* **Exercise**: An exact copy of the entries is required, excluding any pictures.

* **The data**:
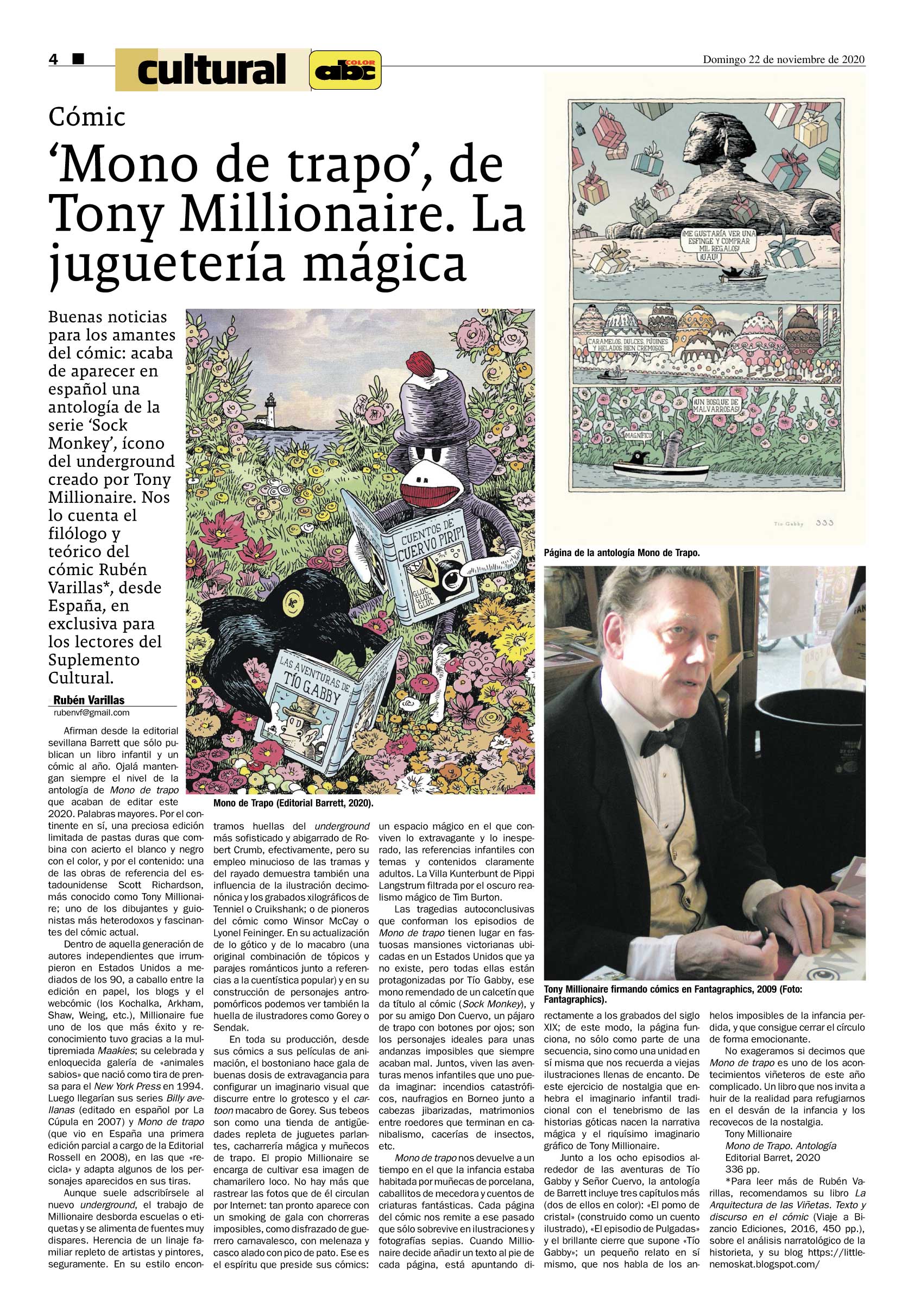 Mono de trapo nos devuelve a un tiempo en el que la infancia estaba habitada por muñecas de porcelana, caballitos de mecedora y cuentos de criaturas fantásticas. Cada página del cómic nos remite a ese pasado que sólo sobrevive en ilustraciones y fotografías sepias. Cuando Millionaire decide añadir un texto al pie de cada página, está apuntando directamente a los grabados del siglo XIX; de este modo, la página funciona, no sólo como parte de una secuencia, sino como una unidad en sí misma que nos recuerda a viejas ilustraciones llenas de encanto. De este ejercicio de nostalgia que enhebra el imaginario infantil tradicional con el tenebrismo de las historias góticas nace la narrativa mágica y el riquísimo imaginario gráfico de Tony Millionaire.
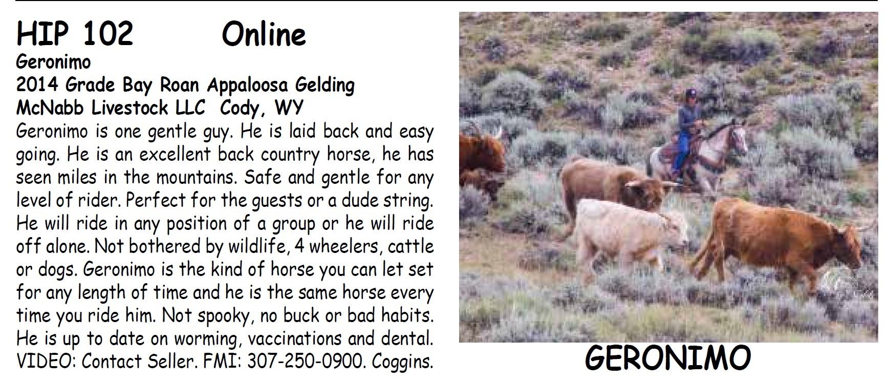 ALL AUGUST 26 SALE HORSES WILL BE AUCTIONED LIVE AT BILLINGS LIVESTOCK – Internet bidding also available for Online/ ShowCase Internet Sale Session horses offered in this sale
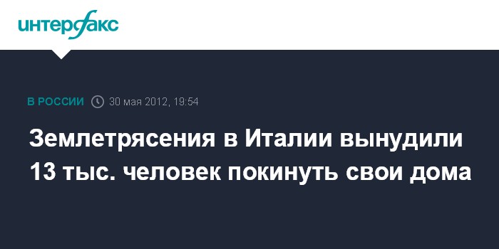 Рим. 30 мая. INTERFAX.RU - Примерно 13 тыс. человек в настоящее время остаются без крова после произошедших во вторник землетрясений в итальянской области Эмилия-Романья, сообщают в среду в местной службе спасения.
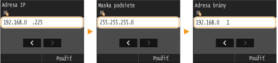 <Maska podsiete> <Adresa brány>.Zadajte nastavenie pomocou číselných tlačidiel a na každej obrazovke poklepte na položku <Použiť>.
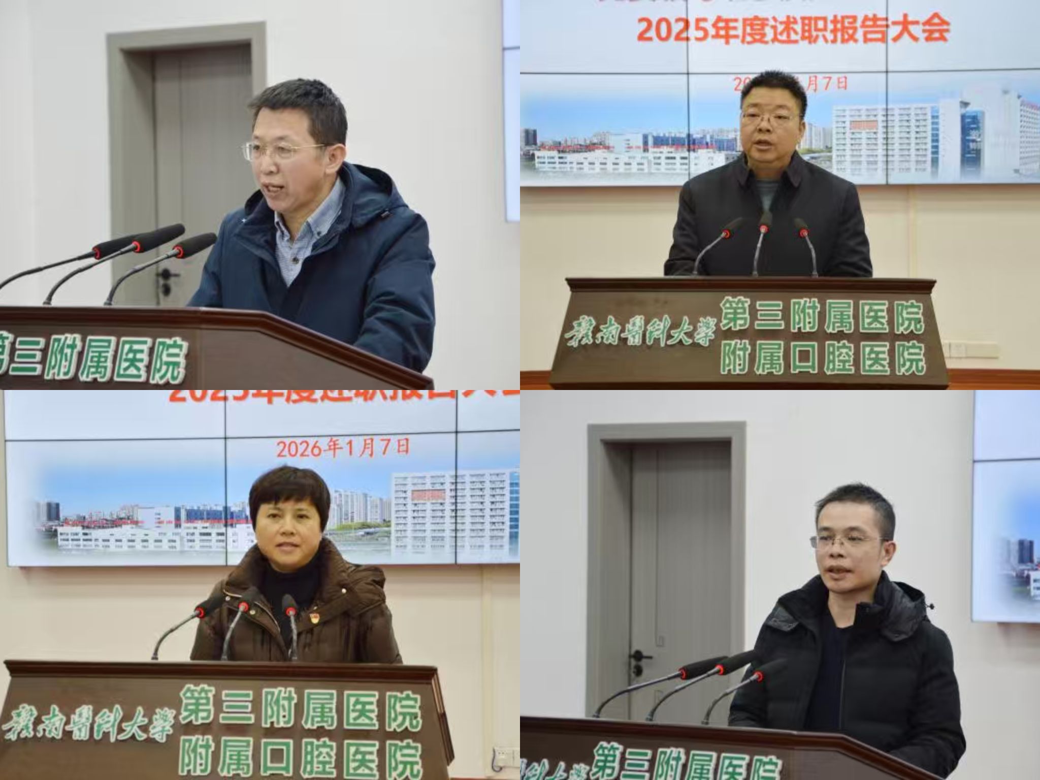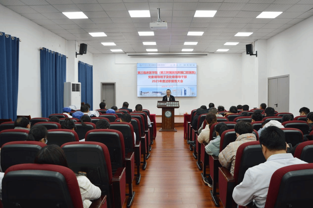 1月7日,第三临床医学院(第三附属医院、附属口腔医院)召开2025年度党委领导班子及处级领导干部述职报告大会。会议由该院党委书记林金秤主持,学校测评组到会指导。医院领导班子成员、中层干部、副高及以上专业技术职称人员及职工代表70余人参会。
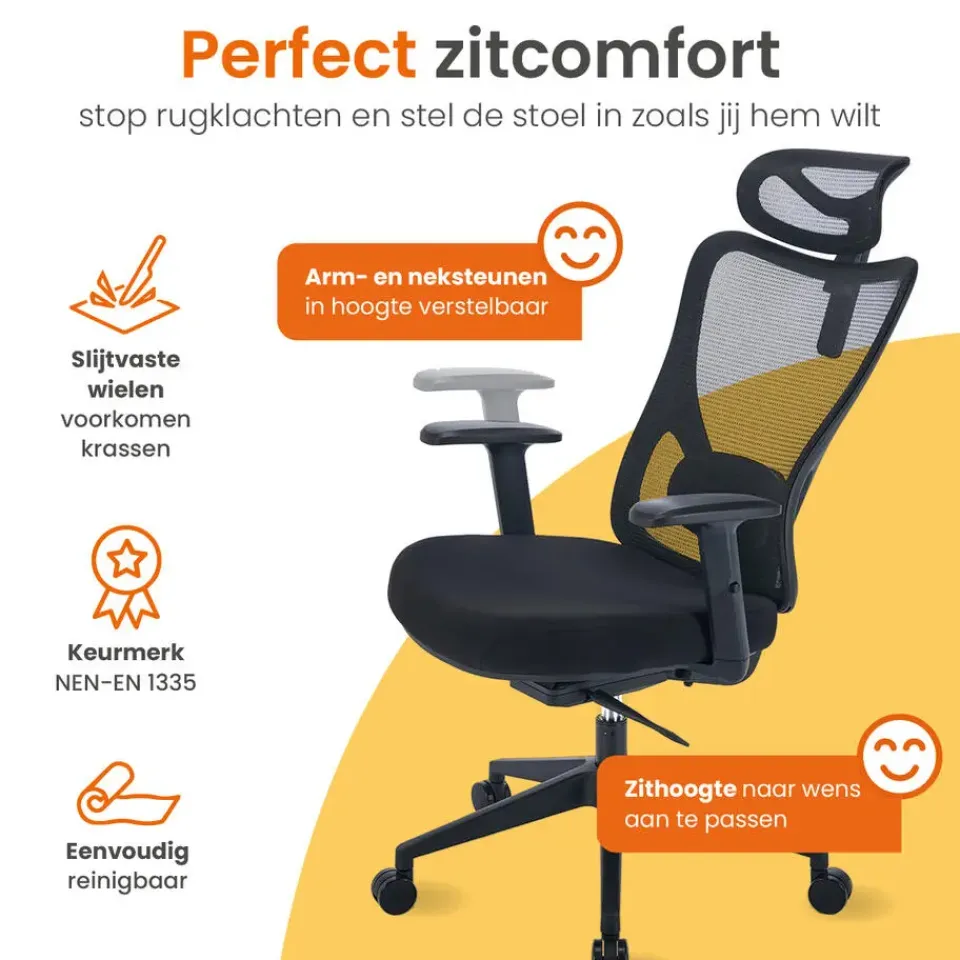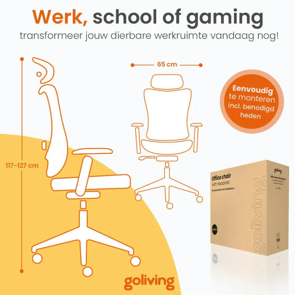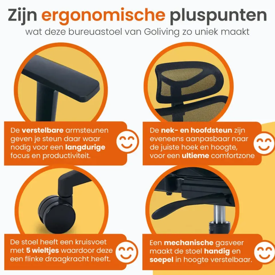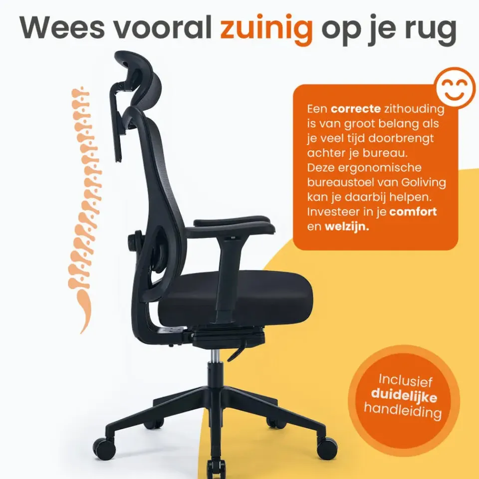 Een fijne werkplek is cruciaal om goed te kunnen presteren. Dat begint natuurlijk bij een degelijke bureaustoel. De bureaustoel is volledig te verstellen, en bevat ademend materiaal op de rugleuning en hoofdsteun. Deze stoel van Goliving is daarnaast uitgevoerd met een lendensteun, armsteunen en hoofdsteun, voor een ideale zitpositie. Je rug en postuur zullen je dankbaar zijn!
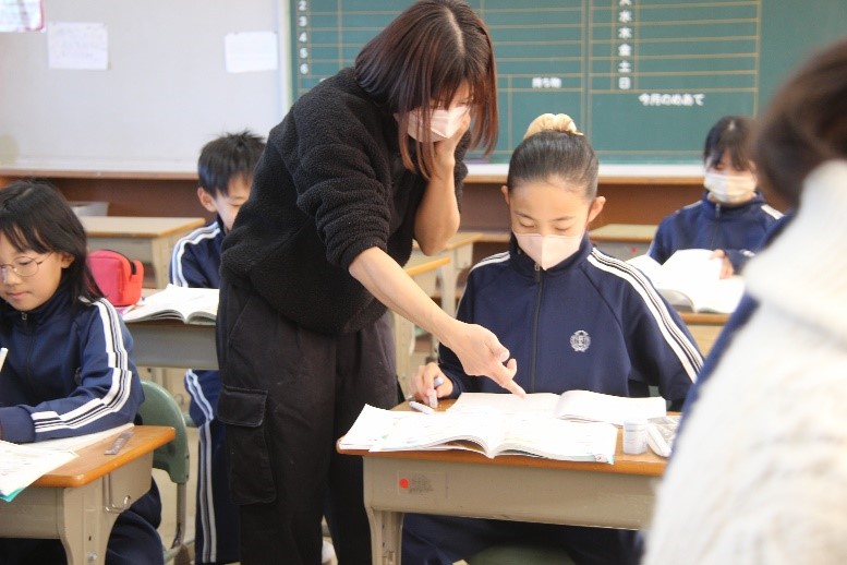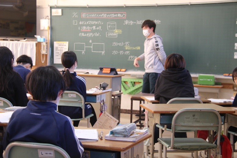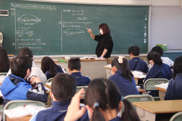 5年生は、算数の「割合」の授業を行いました。「もとのねだんの何倍が代金かを考えよう」の学習課題のもと、割引きされた商品の値段がいくらになるかを求める問題に取り組みました。そこから、全体の何割が値引きされた値段になるかを考えるといいことを学びました。
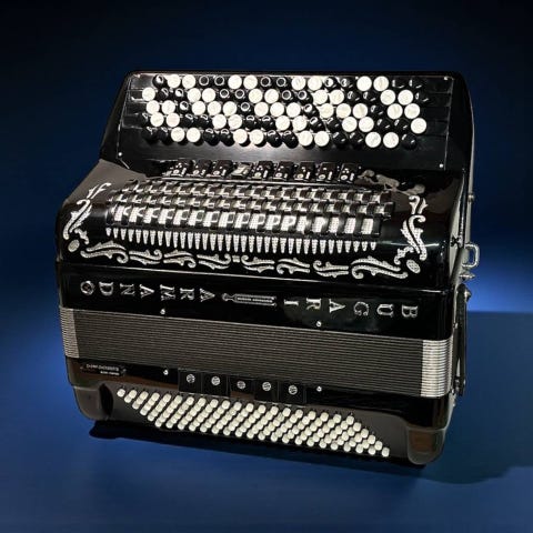 Bugari Armando dragspel i rött med knappar och bälten för handhållning. Instrumentet har ett klassiskt utseende med dekorativa detaljer och en vadderad baksida för komfort vid spelning. Fullt fungerande i ett väldigt bra skick.
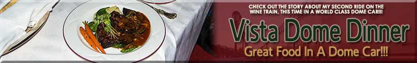 Once we departed Saint Helena, I would start my meal. Now there are multiple selections available on the menu for the different meal courses. The menu also says which wines pair best with each course should you want to have more wine! What I'm describing here is specifically what I had for lunch: The first course was a Baby Lettuce Salad with Candied Walnuts (I LOVE candied walnuts!!!) and Smoked Goat Cheese in a Honey Cider Vinaigrette! I was also given a sample of the Wine Train's own Private Label Chardonnay bottled by the Raymond Vineyard as well. My entree would be the Grilled Medallion Of Pork wrapped in Applewood Smoked Bacon on Garlic Mashed Potatoes and Brioche Encrusted Endive. For Dessert, I had a Bourbon-flavored Chocolate Brownie with Walnuts and Caramel on top, all of this with some Diet Coke (my whole purpose today was really just being on the train. If you haven't figured it out yet, I'm not much of a wine drinker). All of the food was excellent!!! The service was also top notch as well. The staff on this train provides a level of service that is absolutely world class!!! |
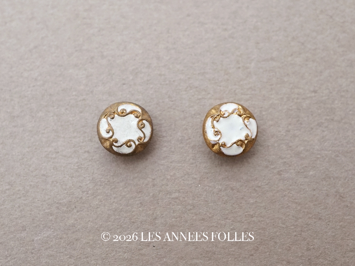 アンティーク 極小 エナメル ボタン オフホワイト&ゴールド 8mm ドール用 ピース売り
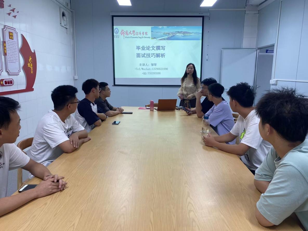 2023年11月9日19:00-20:30,beat365官方网站经贸系邹琴老师作为值班学业导师入驻新区男生宿舍“一站式学生社区”宏船书院,为大四学生举办关于毕业论文撰写及求职面试讲座,为面临毕业压力的学生提供帮助。
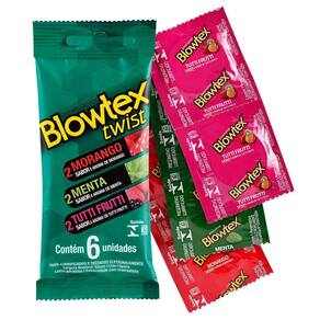 O pack de preservativos Blowtex Twist é uma explosão de sabores. A cada dia. uma nova aventura: Menta. Tutti-Frutti e Morango em uma só embalagem. Aromas especiais: recrescência que a Menta proporciona. curtição com um gostinho todo especial de tutti frutti ou a sensualidade do sabor do Morango? é só escolher o sabor e aroma. que vem junto ao lubrificante.
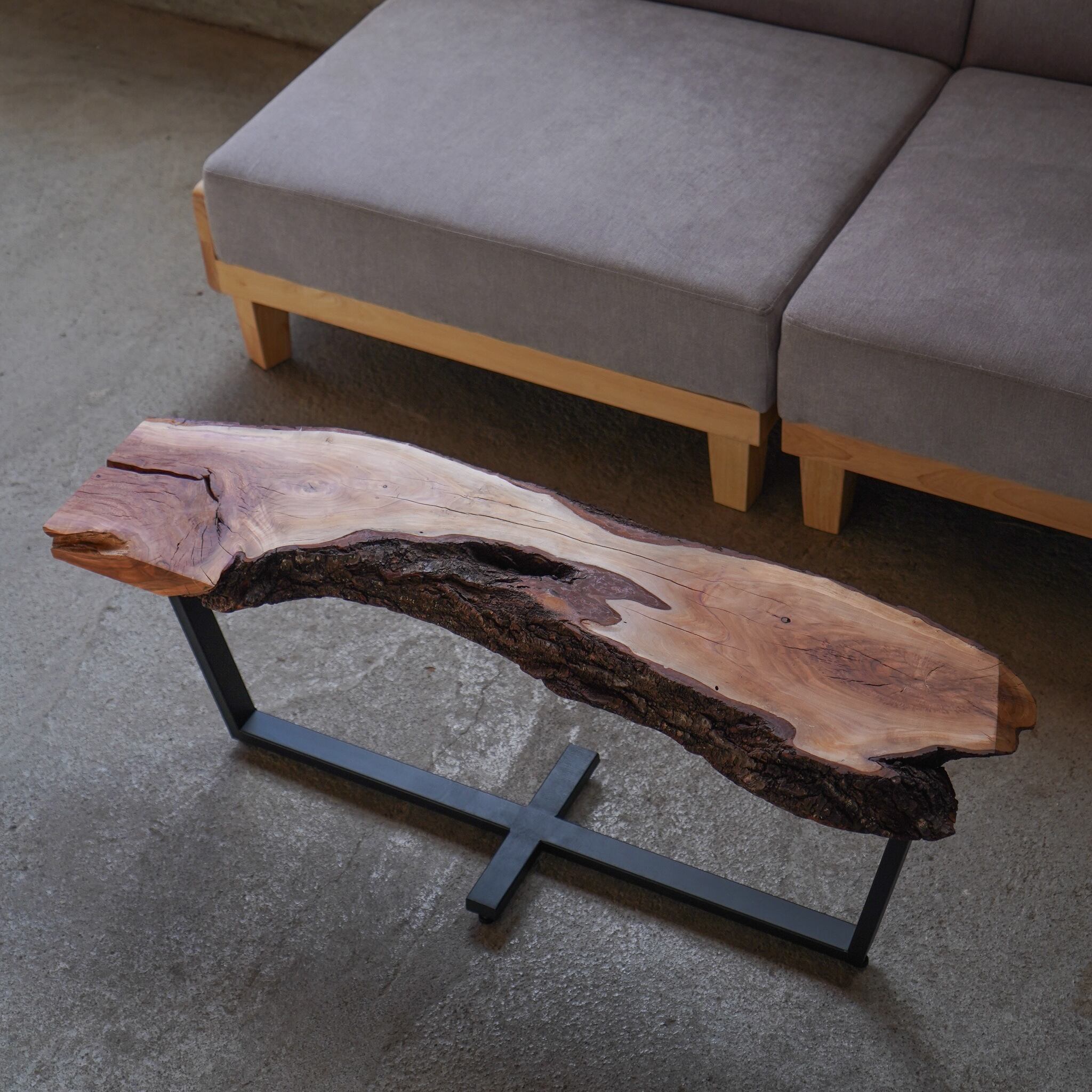 大きなスモモの木で作ったローテーブルです。脚部は最近作者が好んで製作しているデザインです。長くて細い素材にピタッと合いますし機能も十分で見た目がミニマル、よって空間とも調和しやすいんじゃないでしょうか。足の小指もぶつけにくいかも。

* **Reply to the task**:
 Mono de trapo nos devuelve a un tiempo en el que la infancia estaba habitada por muñecas de porcelana, caballitos de mecedora y cuentos de criaturas fantásticas. Cada página del cómic nos remite a ese pasado que sólo sobrevive en ilustraciones y fotografías sepias. Cuando Millionaire decide añadir un texto al pie de cada página, está apuntando directamente a los grabados del siglo XIX; de este modo, la página funciona, no sólo como parte de una secuencia, sino como una unidad en sí misma que nos recuerda a viejas ilustraciones llenas de encanto. De este ejercicio de nostalgia que enhebra el imaginario infantil tradicional con el tenebrismo de las historias góticas nace la narrativa mágica y el riquísimo imaginario gráfico de Tony Millionaire.
 ALL AUGUST 26 SALE HORSES WILL BE AUCTIONED LIVE AT BILLINGS LIVESTOCK – Internet bidding also available for Online/ ShowCase Internet Sale Session horses offered in this sale
 Рим. 30 мая. INTERFAX.RU - Примерно 13 тыс. человек в настоящее время остаются без крова после произошедших во вторник землетрясений в итальянской области Эмилия-Романья, сообщают в среду в местной службе спасения.
 <Maska podsiete> <Adresa brány>.Zadajte nastavenie pomocou číselných tlačidiel a na každej obrazovke poklepte na položku <Použiť>.
 1月7日,第三临床医学院(第三附属医院、附属口腔医院)召开2025年度党委领导班子及处级领导干部述职报告大会。会议由该院党委书记林金秤主持,学校测评组到会指导。医院领导班子成员、中层干部、副高及以上专业技术职称人员及职工代表70余人参会。
 Een fijne werkplek is cruciaal om goed te kunnen presteren. Dat begint natuurlijk bij een degelijke bureaustoel. De bureaustoel is volledig te verstellen, en bevat ademend materiaal op de rugleuning en hoofdsteun. Deze stoel van Goliving is daarnaast uitgevoerd met een lendensteun, armsteunen en hoofdsteun, voor een ideale zitpositie. Je rug en postuur zullen je dankbaar zijn!
 5年生は、算数の「割合」の授業を行いました。「もとのねだんの何倍が代金かを考えよう」の学習課題のもと、割引きされた商品の値段がいくらになるかを求める問題に取り組みました。そこから、全体の何割が値引きされた値段になるかを考えるといいことを学びました。
 Bugari Armando dragspel i rött med knappar och bälten för handhållning. Instrumentet har ett klassiskt utseende med dekorativa detaljer och en vadderad baksida för komfort vid spelning. Fullt fungerande i ett väldigt bra skick.
 Once we departed Saint Helena, I would start my meal. Now there are multiple selections available on the menu for the different meal courses. The menu also says which wines pair best with each course should you want to have more wine! What I'm describing here is specifically what I had for lunch: The first course was a Baby Lettuce Salad with Candied Walnuts (I LOVE candied walnuts!!!) and Smoked Goat Cheese in a Honey Cider Vinaigrette! I was also given a sample of the Wine Train's own Private Label Chardonnay bottled by the Raymond Vineyard as well. My entree would be the Grilled Medallion Of Pork wrapped in Applewood Smoked Bacon on Garlic Mashed Potatoes and Brioche Encrusted Endive. For Dessert, I had a Bourbon-flavored Chocolate Brownie with Walnuts and Caramel on top, all of this with some Diet Coke (my whole purpose today was really just being on the train. If you haven't figured it out yet, I'm not much of a wine drinker). All of the food was excellent!!! The service was also top notch as well. The staff on this train provides a level of service that is absolutely world class!!! |
 アンティーク 極小 エナメル ボタン オフホワイト&ゴールド 8mm ドール用 ピース売り
 2023年11月9日19:00-20:30,beat365官方网站经贸系邹琴老师作为值班学业导师入驻新区男生宿舍“一站式学生社区”宏船书院,为大四学生举办关于毕业论文撰写及求职面试讲座,为面临毕业压力的学生提供帮助。
 O pack de preservativos Blowtex Twist é uma explosão de sabores. A cada dia. uma nova aventura: Menta. Tutti-Frutti e Morango em uma só embalagem. Aromas especiais: recrescência que a Menta proporciona. curtição com um gostinho todo especial de tutti frutti ou a sensualidade do sabor do Morango? é só escolher o sabor e aroma. que vem junto ao lubrificante.
 大きなスモモの木で作ったローテーブルです。脚部は最近作者が好んで製作しているデザインです。長くて細い素材にピタッと合いますし機能も十分で見た目がミニマル、よって空間とも調和しやすいんじゃないでしょうか。足の小指もぶつけにくいかも。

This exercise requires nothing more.